_YOUR TASK_: Leave no picture in, and give every entry again exactly.

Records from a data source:
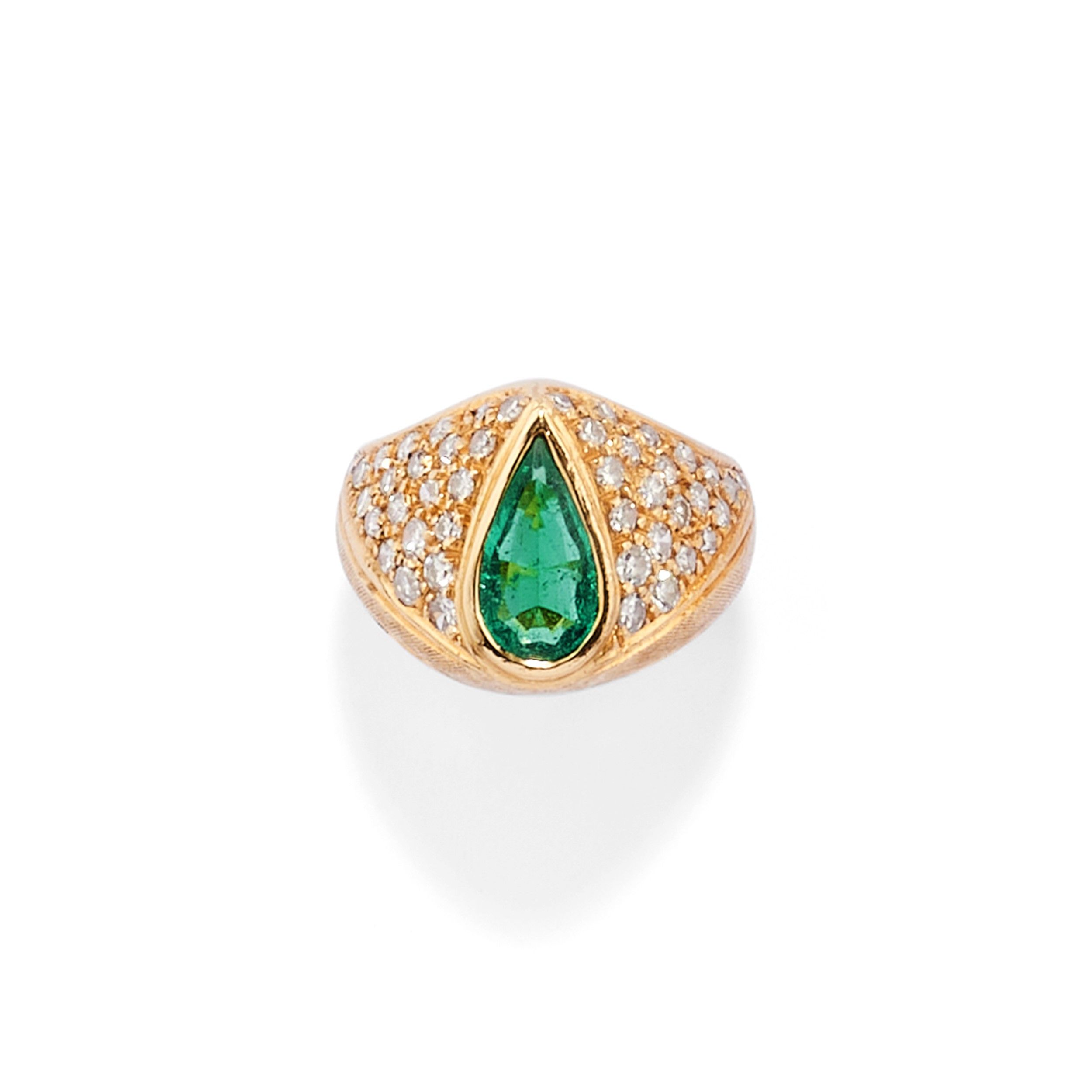 al centro smeraldo taglio goccia di ct 0,80 circa, diamanti taglio huit-huit a decoro.
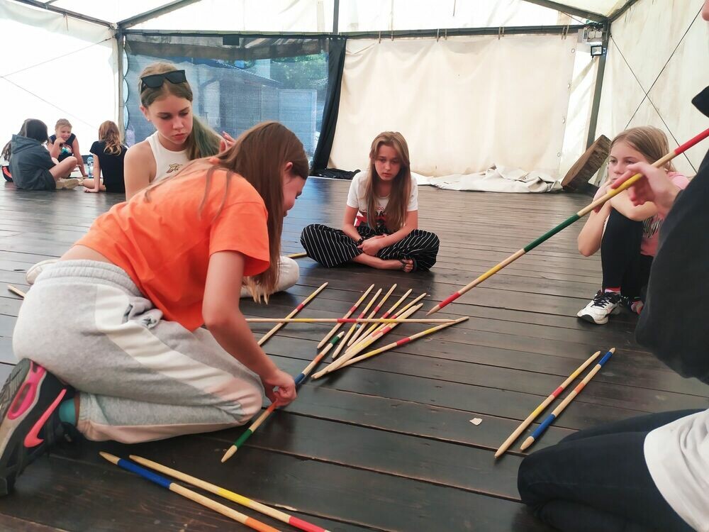 Dziś z samego rana w Kulce przywitało nas piękne słoneczko. Po śniadaniu śpiewająco udaliśmy się na karaoke, czyli warsztaty ze śpiewu z Melpomeną. Zaśpiewaliśmy kilka różnych piosenek. Następnie udaliśmy się na zajęcia z survivalu, podczas których poznaliśmy rodzaje stosów ogniskowych oraz nauczyliśmy się jak posługiwać się krzesiwem. Dodatkowo poznaliśmy znaczenie wody. Potem odbyły się warsztaty tańca z Terpsychorą, muzą tańca, z którą poznaliśmy podstawowe układy taneczne. Po obiedzie rozegraliśmy mecz siatkówki na boisku. Po kolacji zagraliśmy w mafię, w uno i w ziemniaka. Późnym wieczorem była gra terenowa, czyli Labirynt Dedala, na który czekaliśmy i przygotowywaliśmy się od dawna.
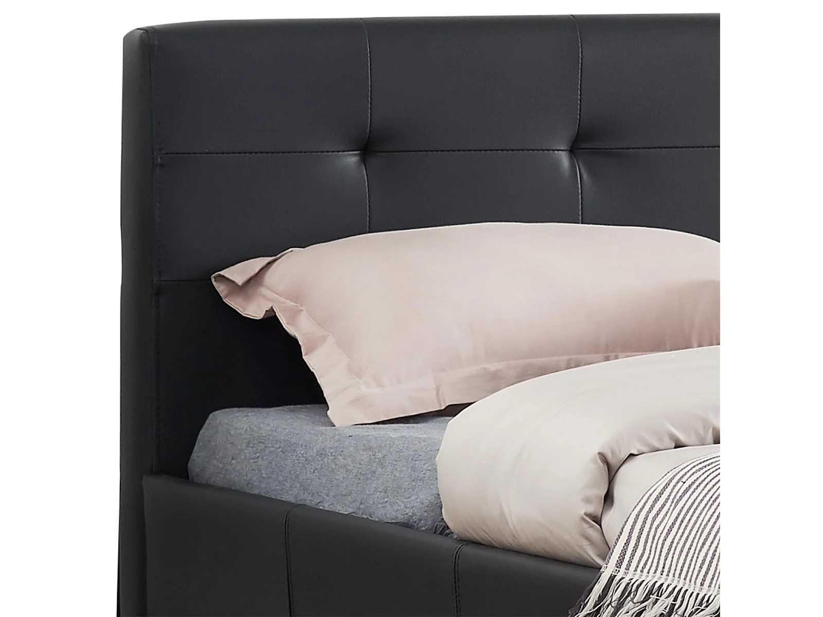 Lit double pour adulte MATHIEU avec sommier 140x190 cm 2 places / 2 personnes, tête et pied de lit capitonnés en synthétique noir
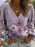 Women's Alzheimer's Awareness Floral Print Casual Cotton And Linen Shirt
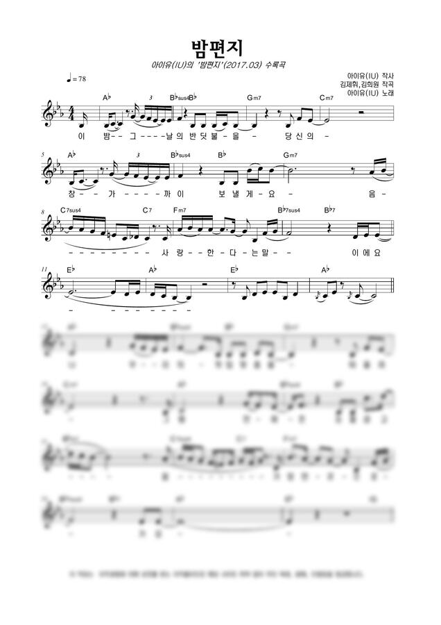 아이유 - 밤편지 by 악보마트0
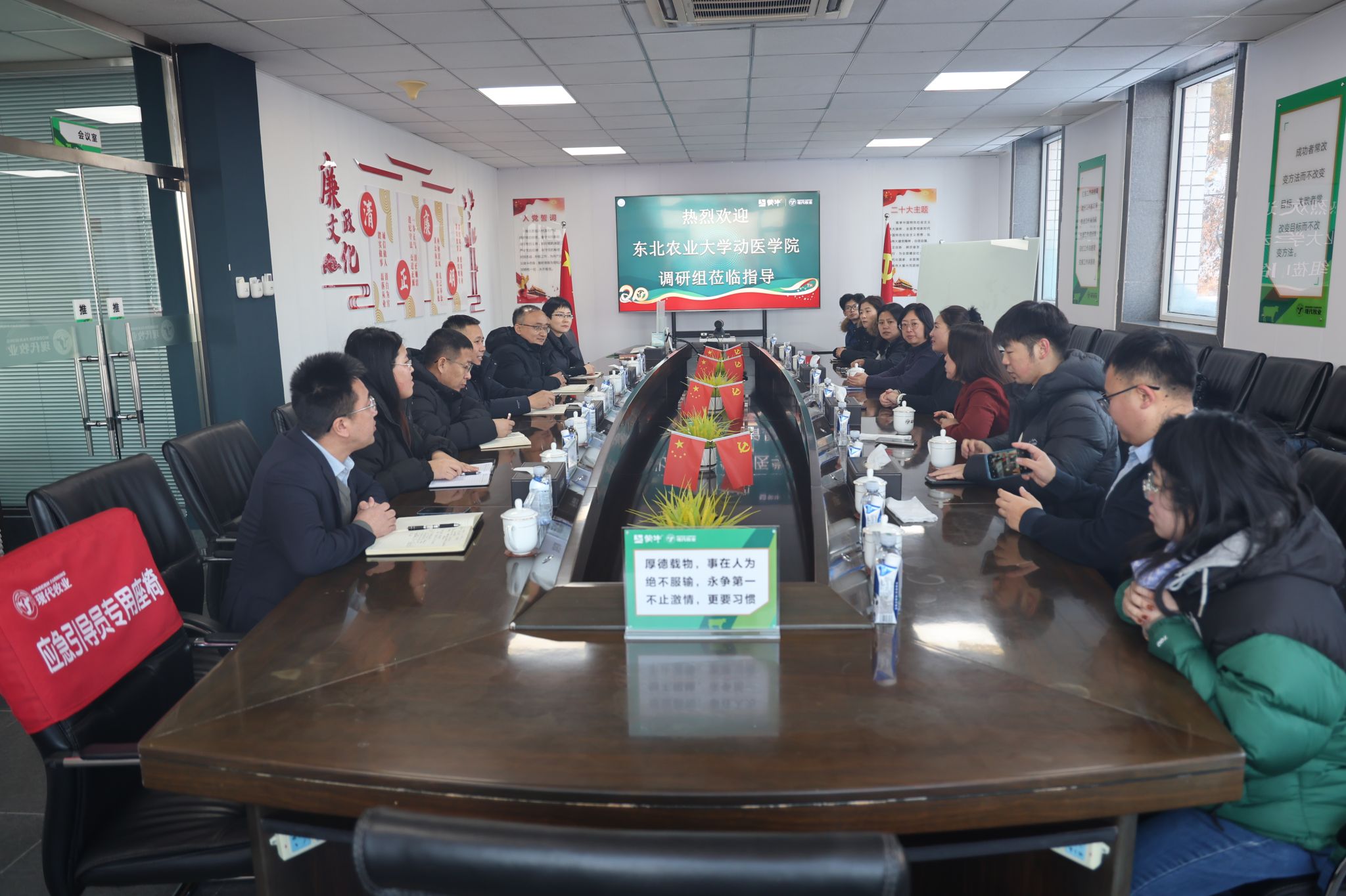 在哈尔滨鹏达种业有限公司,学院一行与尚志市副市长郭海波、鹏达种业副总经理谭首宇、管理副总郑广文、市农业农村局王宪宝、鹏达种业生产负责人景喜全座谈交流。郭海波对学院一行表示欢迎,充分肯定了学院在师资建设与人才培养方面取得的成效,并介绍了尚志市农牧产业发展现状及鹏达种业未来规划。张春燕介绍了学院学科建设、科研方向及毕业生情况,希望与企业共建合作平台,实现资源共享、互利共赢。张鑫琳重点推荐了两名优秀毕业生,表示学院将持续推进就业指导与服务,积极搭建校企对接桥梁。随后,双方围绕企业需求与研究方向进行了深入研讨。冷丽副教授作为鹏达种业的长期指导专家对种鸡在养殖中遇到的问题给予了精准指导;王颢然副教授围绕智慧兽医学方向,详细介绍了基于人工智能等现代信息技术实现对种鸡疾病的诊断、监测与精准预警,为提升鹏达现代化养殖水平提供了智力支持;姚玉杰副教授围绕畜禽重要传染病、营养代谢病发病机制与综合防治等方面问题与企业进行了深入探讨。学生也逐一进行自我介绍,与企业面对面交流,现场气氛融洽,互动深入。
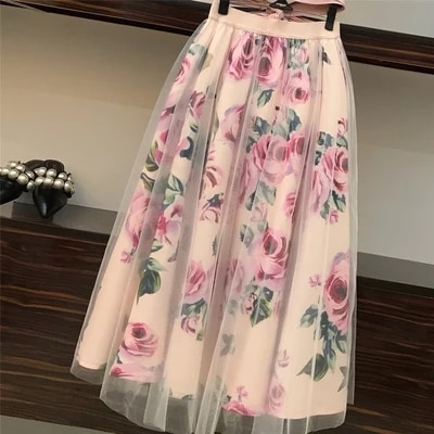 Bel ensemble de mode pour femmes comprenant un chemisier et une jupe. La jupe est à motif floral et le chemisier a une coupe tendance.

_SOLUTION FOR THIS EXERCISE_:
 al centro smeraldo taglio goccia di ct 0,80 circa, diamanti taglio huit-huit a decoro.
 Dziś z samego rana w Kulce przywitało nas piękne słoneczko. Po śniadaniu śpiewająco udaliśmy się na karaoke, czyli warsztaty ze śpiewu z Melpomeną. Zaśpiewaliśmy kilka różnych piosenek. Następnie udaliśmy się na zajęcia z survivalu, podczas których poznaliśmy rodzaje stosów ogniskowych oraz nauczyliśmy się jak posługiwać się krzesiwem. Dodatkowo poznaliśmy znaczenie wody. Potem odbyły się warsztaty tańca z Terpsychorą, muzą tańca, z którą poznaliśmy podstawowe układy taneczne. Po obiedzie rozegraliśmy mecz siatkówki na boisku. Po kolacji zagraliśmy w mafię, w uno i w ziemniaka. Późnym wieczorem była gra terenowa, czyli Labirynt Dedala, na który czekaliśmy i przygotowywaliśmy się od dawna.
 Lit double pour adulte MATHIEU avec sommier 140x190 cm 2 places / 2 personnes, tête et pied de lit capitonnés en synthétique noir
 Women's Alzheimer's Awareness Floral Print Casual Cotton And Linen Shirt
 아이유 - 밤편지 by 악보마트0
 在哈尔滨鹏达种业有限公司,学院一行与尚志市副市长郭海波、鹏达种业副总经理谭首宇、管理副总郑广文、市农业农村局王宪宝、鹏达种业生产负责人景喜全座谈交流。郭海波对学院一行表示欢迎,充分肯定了学院在师资建设与人才培养方面取得的成效,并介绍了尚志市农牧产业发展现状及鹏达种业未来规划。张春燕介绍了学院学科建设、科研方向及毕业生情况,希望与企业共建合作平台,实现资源共享、互利共赢。张鑫琳重点推荐了两名优秀毕业生,表示学院将持续推进就业指导与服务,积极搭建校企对接桥梁。随后,双方围绕企业需求与研究方向进行了深入研讨。冷丽副教授作为鹏达种业的长期指导专家对种鸡在养殖中遇到的问题给予了精准指导;王颢然副教授围绕智慧兽医学方向,详细介绍了基于人工智能等现代信息技术实现对种鸡疾病的诊断、监测与精准预警,为提升鹏达现代化养殖水平提供了智力支持;姚玉杰副教授围绕畜禽重要传染病、营养代谢病发病机制与综合防治等方面问题与企业进行了深入探讨。学生也逐一进行自我介绍,与企业面对面交流,现场气氛融洽,互动深入。
 Bel ensemble de mode pour femmes comprenant un chemisier et une jupe. La jupe est à motif floral et le chemisier a une coupe tendance.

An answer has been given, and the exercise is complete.